I remember going to the shelter and seeing you in the outdoor kennel, a small black bundle of fur, hiding behind the dog house. Your dad came through the door and I swear, a bolt of lightening passed between the two of you. I knew we were going to be leaving that shelter with you in tow.

For the next 12 years, you were our constant companion. You loved the little dogs and suffered through the attentions of two human kids. You didn't like them around you, they made you nervous, but you protected them because they were yours.

One day, you just couldn't get up. I could see in your eyes that you were tiring, but didn't want to admit it. You waited for Dad to come home from work, and when he told you, crying, that it was okay to go, you gave him one last lick and left us.

The vet said that it was H.S., and that there was nothing we could have done. 
I couldn't get by without a pupper in the house, so we found Shadow. He will never replace you, but guess what, he was born on the same day that you left us. I still feel that a part of you is in him.
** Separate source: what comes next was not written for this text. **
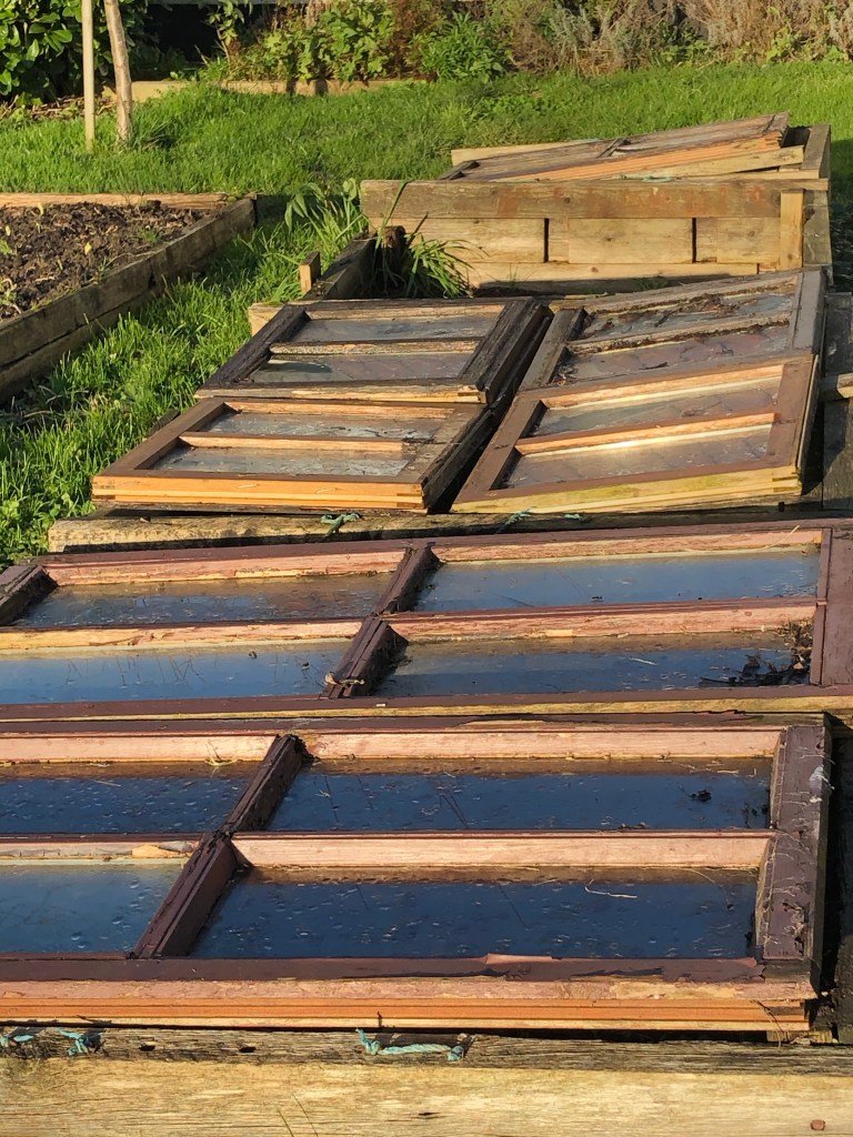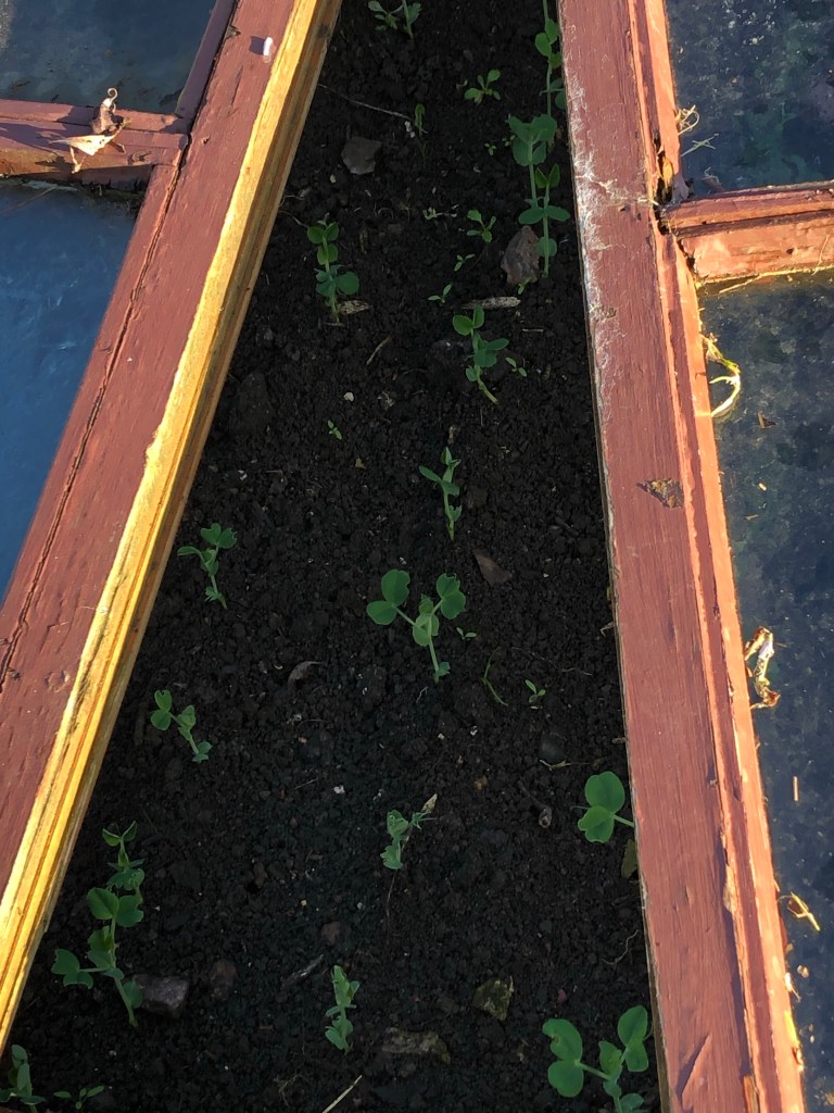 In the raised beds peas are popping up under glass frames made of old windows

Run free with your brother and sister, and I WILL see you again.

Love you always.


----------



## ripsofie (Oct 28, 2010)

Aww! I started crying..:'(


----------



## 1sttimeforgsd (Jul 29, 2010)

Our memories can never be taken away!

Run free Smokey Joe.


----------



## Kayos and Havoc (Oct 17, 2002)

It really just does not get any easier does it?:hugs: I am so sorry you lost him too soon.


----------



## elsie (Aug 22, 2001)

:hug::hug::hug::hug:


----------



## vat (Jul 23, 2010)

so sorry for your loss, we will always miss those that are gone.


----------



## Mac's Mom (Jun 7, 2010)

ripsofie said:


> Aww! I started crying..:'(


 
me too...so sorry for your loss


----------